前言
最近公司组了一套集群:3个90TB的存储服务器和3个计算服务器,计算服务器后续还会增加,然后内网使用10G的万兆交换机相连。一开始使用NFS将存储服务器的磁盘空间共享给计算服务器,但是发现计算服务器对小文件的读写较多,线程数一多就出现 IO Delay,实际看到网卡的流量并不高。
也就是说:瓶颈出现在网络的IO上,而非带宽上!
解决方案:换iSCSI,然后加上本地缓存。
可能的几种尝试:ZFS(内存缓存)、Bcache(SSD缓存)、LVM+缓存、ext4 journal(写日志)
为什么选ext4 journal
最开始我也考虑过直接NFS上开启本地缓存(FS-CACHE),但是看到缓存会有很多问题,比如多出挂载的时候会出现一致性错误,由于这个平台不止我一个人在管理,怕到时候忘记交代了出现问题,因此直接选择一对一的iSCSI更合适,而且块级存储的iSCSI比起目录存储的NFS性能上更好一些(SCSI is just about the fastest protocol you'll find.
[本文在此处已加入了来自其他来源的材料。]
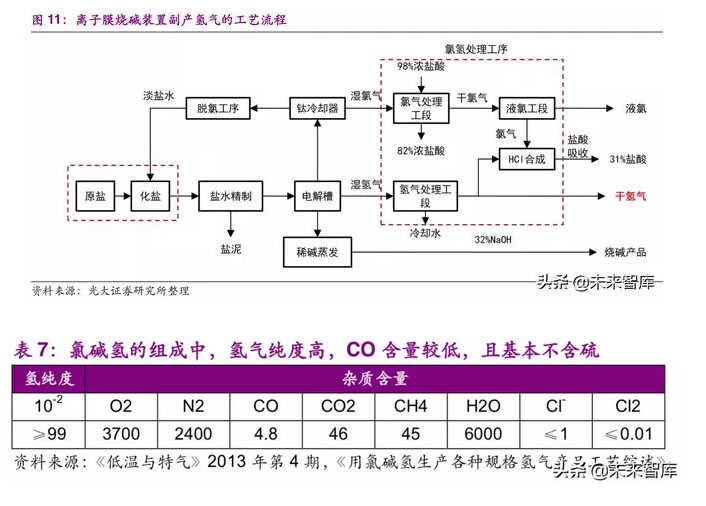 目前包括天然氣重整和煤氣化在內(nèi)的化石燃料制氫盡管適用于大規(guī)模工業(yè) 制氫,但是工藝復(fù)雜、投資較大且能耗較高;焦炭行業(yè)副產(chǎn)的焦?fàn)t氣中雖有大 量氫氣可供提純,但焦?fàn)t氣中氫氣含量(vol)僅有 55%,且伴生大量一氧化碳 和硫化物,因此氫氣提純和精制成本相對(duì)較高。而國(guó)內(nèi)氯堿行業(yè)目前基本上全 部采用離子膜電解路線,副產(chǎn)氫氣的純度一般在 99%以上,一氧化碳含量較低 且無化石燃料中的有機(jī)硫和無機(jī)硫,因此純化成本相對(duì)較低,目前氯堿廠用于 雙氧水生產(chǎn)、制藥、電子和石英加工的回收氫氣成本僅約1.3 元/Nm3。而從規(guī) 模上看,一套 40 萬噸/年的燒堿裝置每年除供下游鹽酸和 PVC 裝置用氫外,仍 可外供 0.3 萬噸氫氣。

It's basically straight disk block access over a wire)。
然后在有iSCSI的条件下,本地缓存本来是想用ZFS的,因为是单盘iSCSI,所以也不用担心阵列导致的问题以及ZFS根据硬件信息调控磁盘IO的问题,冗余性已经交给存储服务器的硬件raid了。网上也确实有人这么做了,但是稳定性和安全性没有得到确认,毕竟是生产环境,还是稳一点好。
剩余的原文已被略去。